Uitspraak
1.Procesverloop in cassatie
2.Beoordeling van het cassatiemiddel
3.Beslissing
23 april 2024.
Hoge Raad
In deze zaak heeft de Hoge Raad op 23 april 2024 uitspraak gedaan in een cassatieprocedure tegen een arrest van het gerechtshof 's-Hertogenbosch van 25 november 2022. De zaak betreft een verdachte die beschuldigd wordt van ontucht met zijn stiefdochter, die op het moment van de feiten 8 en 13 jaar oud was. De verdachte, geboren in 1969, heeft in cassatie beroep ingesteld tegen de veroordeling door het hof. De advocaat van de verdachte, E.E.W.J. Maessen, heeft een cassatiemiddel ingediend, waarin hij de Hoge Raad verzocht om de uitspraak van het hof te vernietigen.

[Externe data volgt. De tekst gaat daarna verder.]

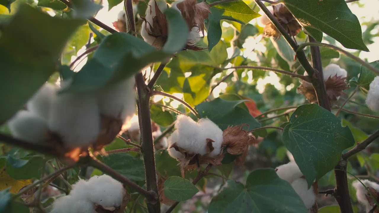 Notre coton est cultivé sans pesticides ni OGM, dans des champs européens (Grèce & Turquie), pour une empreinte carbone maîtrisée et une traçabilité totale.

De advocaat-generaal, E.J. Hofstee, heeft geconcludeerd tot verwerping van het beroep. De Hoge Raad heeft de klachten van de verdachte over de uitspraak van het hof beoordeeld en geconcludeerd dat deze klachten niet kunnen leiden tot vernietiging van de uitspraak. De Hoge Raad heeft daarbij aangegeven dat het niet nodig is om te motiveren waarom het tot dit oordeel is gekomen, aangezien de klachten niet van belang zijn voor de eenheid of ontwikkeling van het recht, zoals bedoeld in artikel 81 lid 1 van de Wet op de rechterlijke organisatie.
Uiteindelijk heeft de Hoge Raad het beroep van de verdachte verworpen, waarmee de eerdere veroordeling door het gerechtshof in stand blijft. Dit arrest is gewezen door de vice-president V. van den Brink als voorzitter, samen met de raadsheren Y. Buruma en A.E.M. Röttgering, en is uitgesproken ter openbare terechtzitting.